Dao Strom is a poet, musician, writer, and interdisciplinary artist who works with three “voices”—written, sung, visual—to explore hybridity and the intersection of personal and collective histories. She is the author/composer of several hybrid-literary works, including the poetry-art collection, INSTRUMENT, and its musical companion of song-poems, TRAVELER’S ODE, and the forthcoming TENDER REVOLUTIONS/YELLOW SONGS (2025). Recently, she co-edited/co-curated the hybrid-literary anthology + exhibit A MOUTH HOLDS MANY THINGS (2024). Strom’s work encompasses both solo and collaborative art and writing projects, and has received support from the Creative Capital Foundation, NEA, Oregon Community Foundation, and others.
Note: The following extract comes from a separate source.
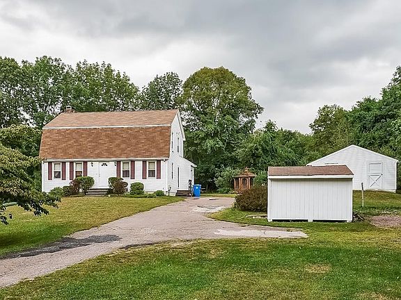 Beautiful mature plantings and 25 by 35' barn complement this well maintained Gambrel in West Wrentham "horse country." Eat-in kitchen with walk out bay and pantry area--lots of storage space--formal dining room, front to back great room with brick hearth walk out bay and Harmon pellet stove and a half bath/laundry area. Upstairs offers large front to back master with double closets and ceiling fans, two nice sized bedrooms and a full bath. Basement is partially finished with a pool room/ bar area with natural light and a small office. New roof and vinyl siding installed in 2004. Energy efficient vinyl tilt windows throughout; front door replaced in 2015. Outside features include a large shed, a water garden, decks, and a gazebo. Plenty of parking, storage and privacy. This family home has been lovingly maintained and improved by its present owners, who are retiring to Florida and hope that a young family will move in and create their own memories!

She is a founding member of the Vietnamese artist collective, She Who Has No Master(s), among other collaborative projects. Born in Vietnam, Strom lives in Portland, Oregon. Website: daostrom.com / IG: @herandthesea
Dr. Tara Williams
Multidisciplinary Workshop: Reading & Writing with Images
This workshop will explore creative writing through a hybrid, multidisciplinary lens. How does one read an image? How do text/words image meaning? And how can the juxtapositions of image and text together affect a blended, evocative synergy of meaning that conveys more than a single medium of languaging can do on its own? We will use photographs, image-text samples, discussion, and ekphrastic writing and collaborative exercises to explore the interrelationships of text and image on the page, and the possibilities—for both reading and writing—that arise in the spaces in-between these literary and visual modes of voicing.
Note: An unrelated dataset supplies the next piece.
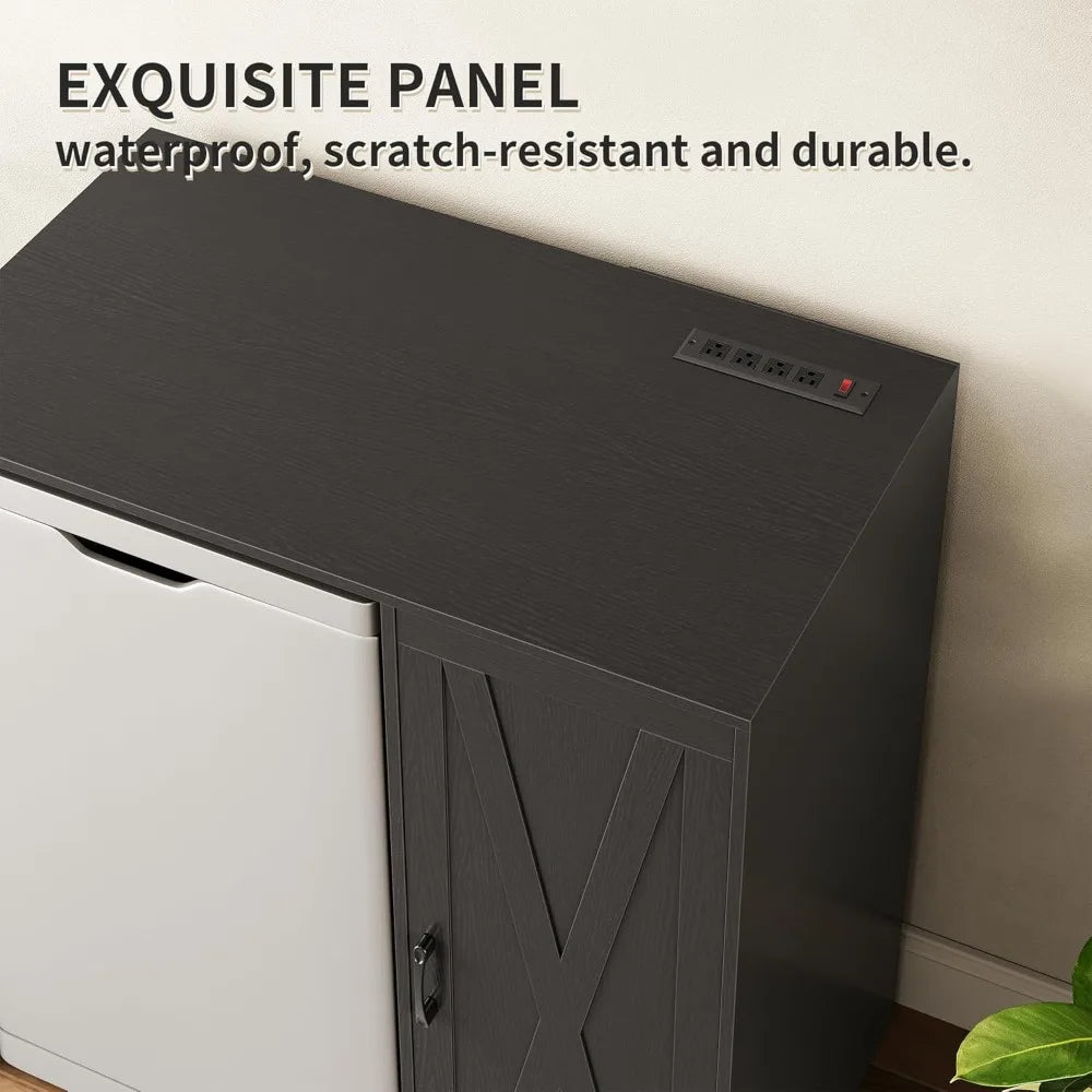 Mini Fridge Cabinet with Storage Coffee Bar Power Outlet

Dr. Tara Williams (she/her) earned her MFA in Fiction at Fresno State University. She also holds a masters and doctorate in education. Currently she teaches composition and literature courses at Clark. Her literary work has appeared in Southwest Review, Tales of the Fantastic, Fatal Flaw, and other publications, and her short stories have been nominated for the Pushcart Prize and Best of the Net. An excerpt from her novel-in-progress won an honorable mention for the Plentitudes Prize, and an audio adaptation of one of her short stories took 2nd place in Sycamore Review’s Deanna Tulley Multimedia Contest. Her work is also included in the climate fiction anthology Fire & Water: Stories of the Anthropocene (Black Lawrence Press, 2021).
Jane Wong
The Poetry of Memoir
Oftentimes, the stories that make up our personal and collective history come in the form of prose, yet how can poetry weave itself into nonfiction? How can we utilize poetic techniques to create complexity and emotion when telling our narratives? We will explore poetic memoirs and how lyricism can create emotional depth, sensory tenderness, and imaginative leaps. We will consider poetic memoir passages from Carvell Wallace, Safiya Sinclair, and Jami Nakamura Lin. Along with discussion, we will write together via generative prompts and also have time for sharing.
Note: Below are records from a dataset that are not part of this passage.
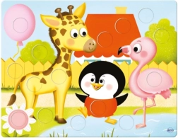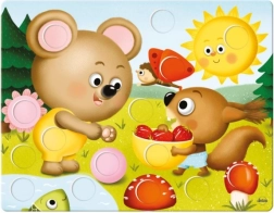 - Zawiera kartonową planszę, kolorowe drewniane walce i kostkę do gry.
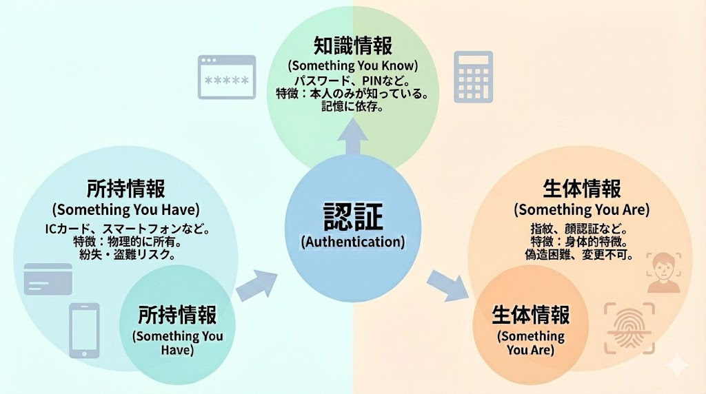 現代のセキュリティ理論では、認証要素は以下の3つに分類されます。
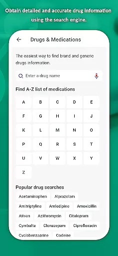 A key innovation is the integration of comprehensive drug interaction information alongside detailed medication data. The app goes beyond simple drug descriptions by providing users with practical tools such as symptom checkers, side effect information, and a drug price guide. These features are presented through an intuitive interface that organizes information alphabetically and categorically.
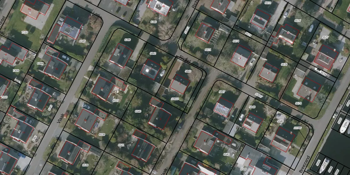Het perceel waarop Richel 5 staat heeft een oppervlakte van 457 m². Dit is een groot perceel. De perceeloppervlakte wordt geregistreerd door het Kadaster. Gedetailleerde informatie over de maten van dit perceel kunt u vinden in het rapport Kadastrale kaart met maatvoering van Richel 5.
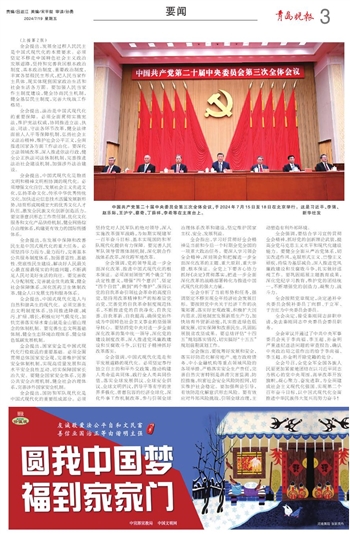 中国共产党第二十届中央委员会第三次全体会议,于2024年7月15日至18日在北京举行。

Jane Wong is the author of the memoir Meet Me Tonight in Atlantic City (Tin House, 2023), winner of the Washington State book award. She also wrote two poetry collections: How to Not Be Afraid of Everything (Alice James, 2021) and Overpour (Action Books, 2016). She is the recipient of a Pushcart Prize and fellowships and residencies from the U.S. Fulbright Program, Harvard's Woodberry Poetry Room, Artist Trust, Hedgebrook, Ucross, Loghaven, the Barbara Deming Memorial Fund, and others. An interdisciplinary artist as well, she has exhibited her poetry installations and performances at the Frye Art Museum, Richmond Art Gallery, and the Asian Art Museum. She grew up in a take-out restaurant on the Jersey shore and is an Associate Professor at Western Washington University.